Assigned task: In the records that follow, find the line containing "Funkcjonalny, zdejmowany blat" and the line containing "ONE SIZE kabát", then transcribe both and every line between them exactly, omitting pictures.

Material for this task:
== == ==
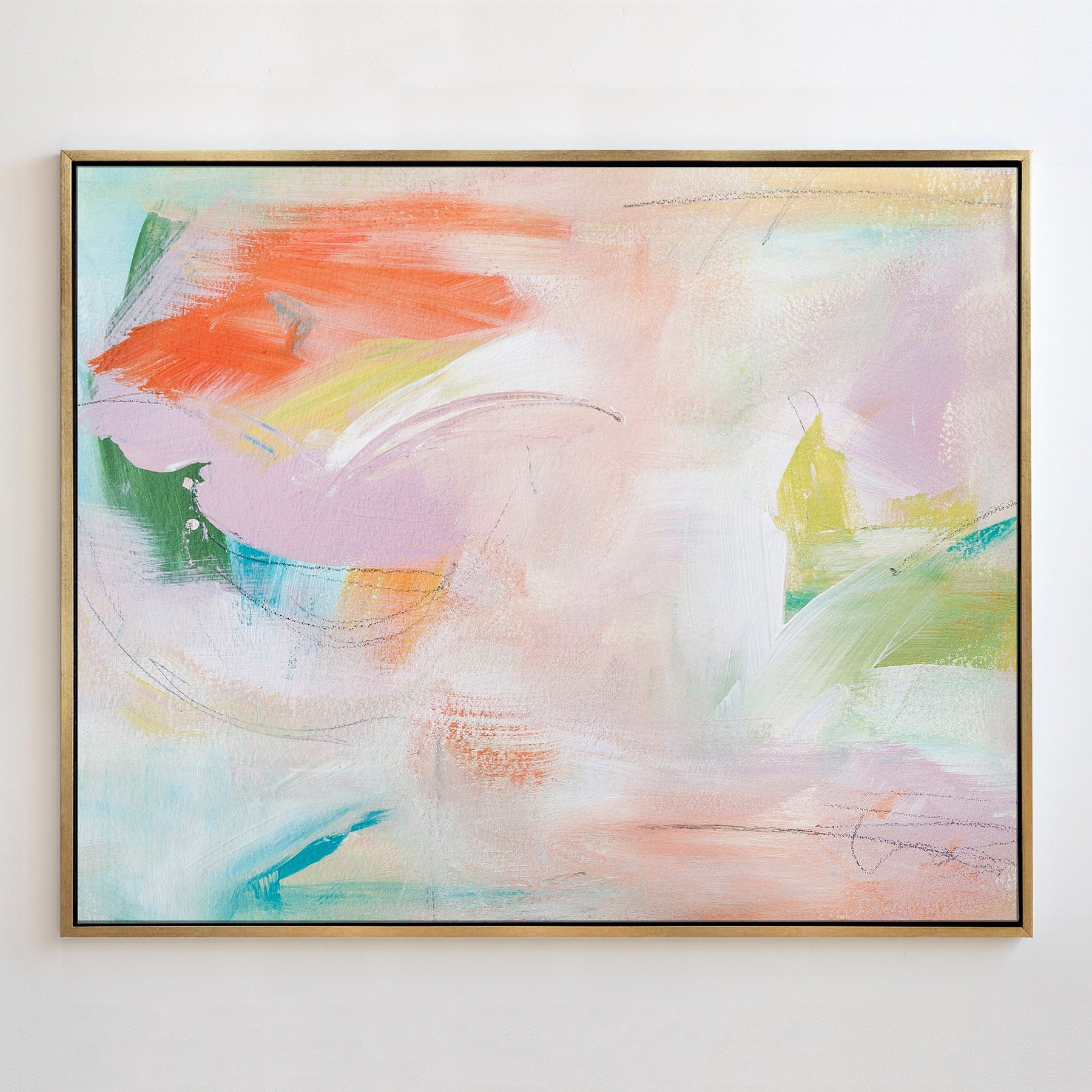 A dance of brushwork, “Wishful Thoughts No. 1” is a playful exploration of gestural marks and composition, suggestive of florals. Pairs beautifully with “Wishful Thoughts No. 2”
== == ==
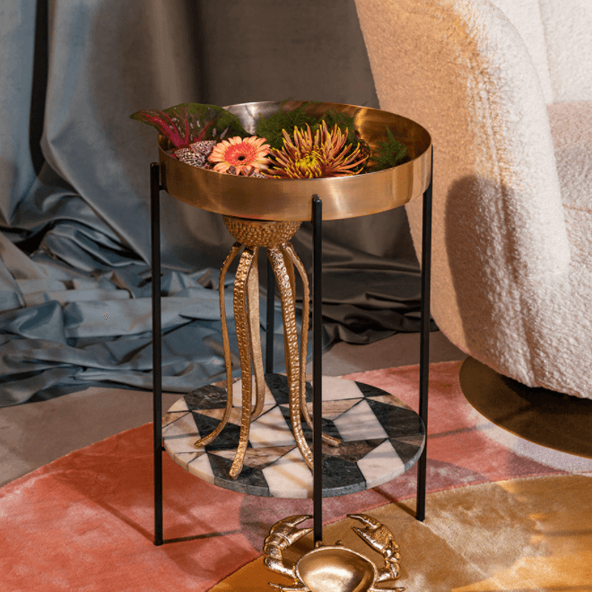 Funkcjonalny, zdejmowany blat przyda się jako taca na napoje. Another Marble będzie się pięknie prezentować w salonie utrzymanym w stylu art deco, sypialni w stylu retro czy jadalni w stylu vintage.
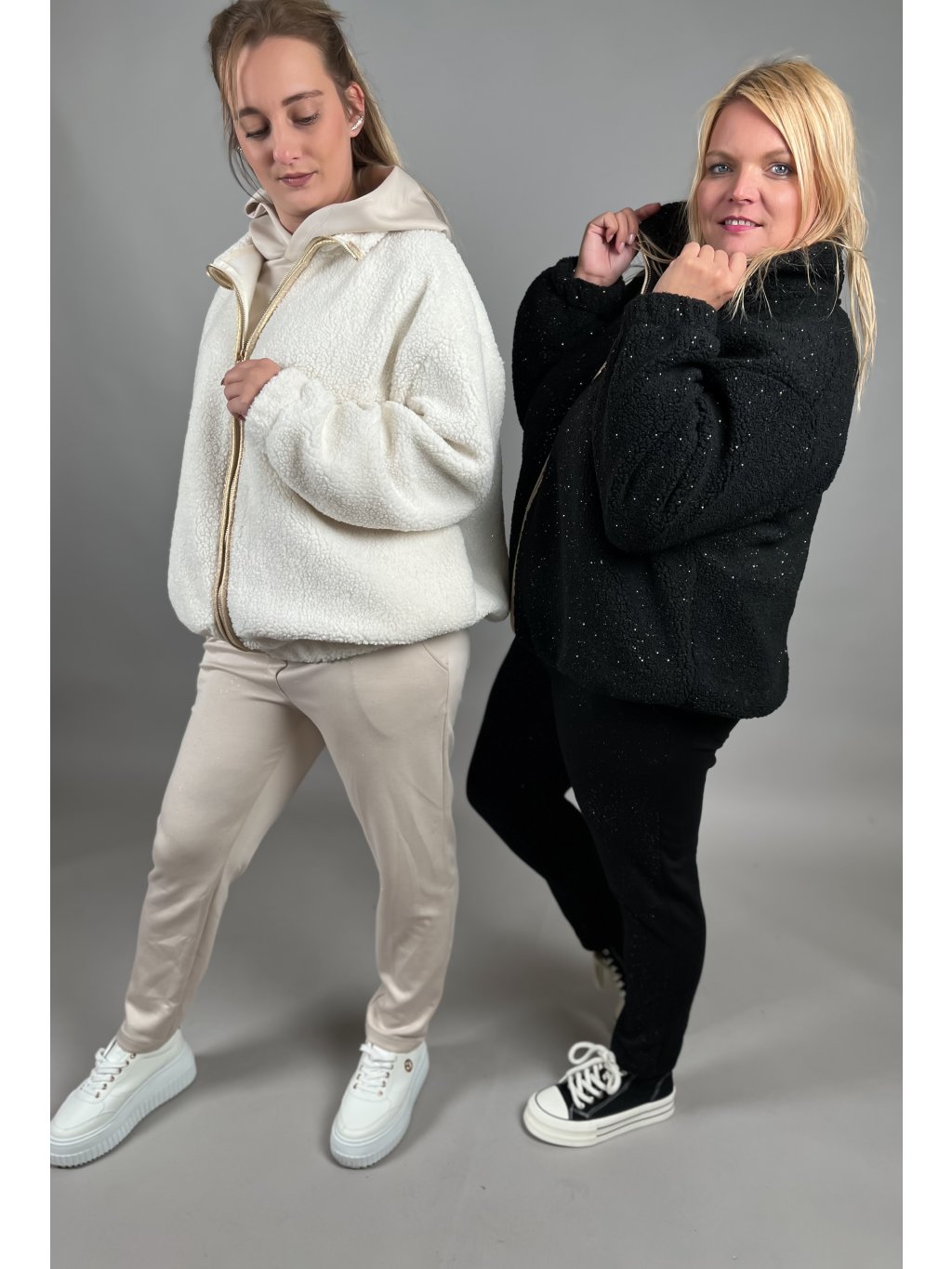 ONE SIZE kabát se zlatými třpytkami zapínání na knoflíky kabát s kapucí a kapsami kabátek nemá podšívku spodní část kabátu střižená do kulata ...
== == ==
Answer box:
 Funkcjonalny, zdejmowany blat przyda się jako taca na napoje. Another Marble będzie się pięknie prezentować w salonie utrzymanym w stylu art deco, sypialni w stylu retro czy jadalni w stylu vintage.
 ONE SIZE kabát se zlatými třpytkami zapínání na knoflíky kabát s kapucí a kapsami kabátek nemá podšívku spodní část kabátu střižená do kulata ...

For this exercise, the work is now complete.